2. Develop a charging infrastructure plan that meets the needs of both your EV fleet and your user base. Consider the number of vehicles, their charging speeds, and desirability of a proposed charger location. Also consider how public charging factors into your plans. Recent research estimates that Tesla’s Supercharger network accounts for nearly 60% of all DC fast chargers in the United States.
Don’t know where to start with charger planning? The U.S. Department of Transportation provides an overview of the infrastructure planning process. One constant that the DOT does not give sufficient attention: be prepared to deal with lengthy permitting processes when attempting to access local grid infrastructure! This will be the most difficult part of your EV fleet deployment. Depending on the size of your deployment, your internal expertise, and the practices of your local utility, you may consider bringing on a consultant to handle your infrastructure planning.

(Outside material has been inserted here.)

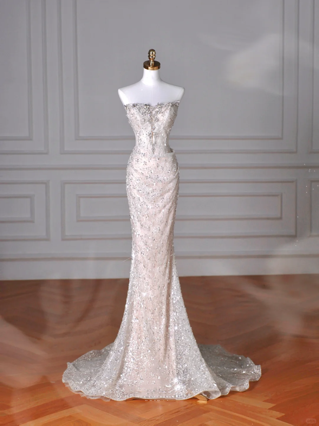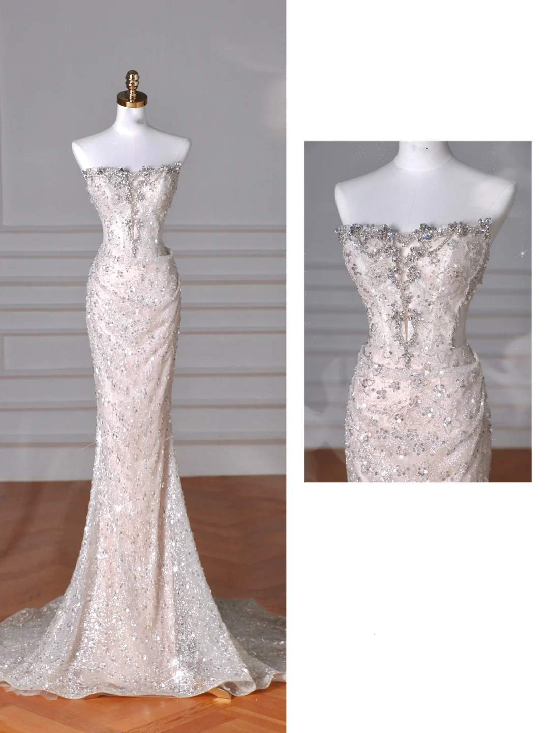 Vestido de noche largo de sirena con lentejuelas y tul sin tirantes brillante Y8616

3. Implement a telematics system. Utilize telematics to monitor and gather data on your fleet's performance. This includes tracking battery health, range, energy consumption, and maintenance needs. Such insights can help optimize fleet operations and identify areas for improvement.
4. Develop a charging schedule. Establish a charging schedule that maximizes vehicle availability while ensuring efficient charging. Balance charging needs among vehicles, considering their daily usage patterns and battery capacities. This reduces the risk of overloading the charging infrastructure. As we noted earlier, fast charging capabilities vary widely between models. Depending on your range and recharging needs, this may play a significant part in the vehicles you choose for your fleet.
5. Promote efficient driving habits. Of course, this applies to all vehicles. However, EVs, with their unique driving characteristics and modes, provide a convenient excuse to re-educate your drivers and focus on efficiency. Keep your vehicles in the appropriate driving modes to maximize range. Encourage practices like smooth acceleration and braking, maintaining consistent speeds, and utilizing regenerative braking to extend range and increase energy efficiency.
6. Implement sharing and pooling strategies. Get the most out of your EVs by implementing motor pool or car share programs within the fleet. Likely, your initial EV deployment represents only a portion of your fleet. By pooling those electric assets with an efficient management system, you’ll increase vehicle utilization, maximize the environmental benefits and reduce the costs associated with fossil fuel vehicles. While minimizing acquisition costs, pooling electric vehicles lets you maximize your electric miles traveled. And that’s the ultimate goal.
7. Develop a reservation system. Implement a system that allows drivers to reserve EVs based on their needs and availability. This ensures fair access to vehicles and helps avoid conflicts, confusion, or unnecessary downtime. Consider using software or mobile applications to streamline the reservation process and enable driver self-service while automating fleet manager controls. Paired with telematics, a reservation system with strong driver tracking processes also allows you to keep an eye on EV usage and intervene when drivers take on unwanted risks, such as driving to remote areas with insufficient range.
8. Monitor vehicle utilization. Regularly assess the utilization rates of your EV fleet to identify underutilized or over-utilized vehicles. Adjust fleet size and vehicle allocation as necessary to minimize unnecessary idle time or underutilization. For more tips on optimizing your fleet, read this article.
9. Encourage feedback from drivers. Foster an open line of communication with your EV fleet drivers. Encourage them to provide feedback on vehicle performance, charging infrastructure, range limitations, and any other relevant aspects. This feedback can help identify areas for improvement and address driver concerns.
10. Stay updated with technology advancements. The capabilities of EVs are changing rapidly. Stay informed of the latest developments in EV technology, charging standards, and fleet management solutions. Regularly assess the feasibility of upgrading or replacing vehicles and infrastructure to take advantage of advancements that can enhance your fleet's performance and efficiency. Consider the impact of government incentives as they present themselves.
Remember that best practices may vary depending on your specific fleet size, usage patterns, location, and organizational requirements. It's crucial to analyze and adapt these tips to suit your unique circumstances and to optimize the performance of your EV fleet. Without a doubt, you have a lot to consider as you plan your EV fleet. But, with these tips, you’re on your way to developing a sustainable plan that can drive great benefits for your organization.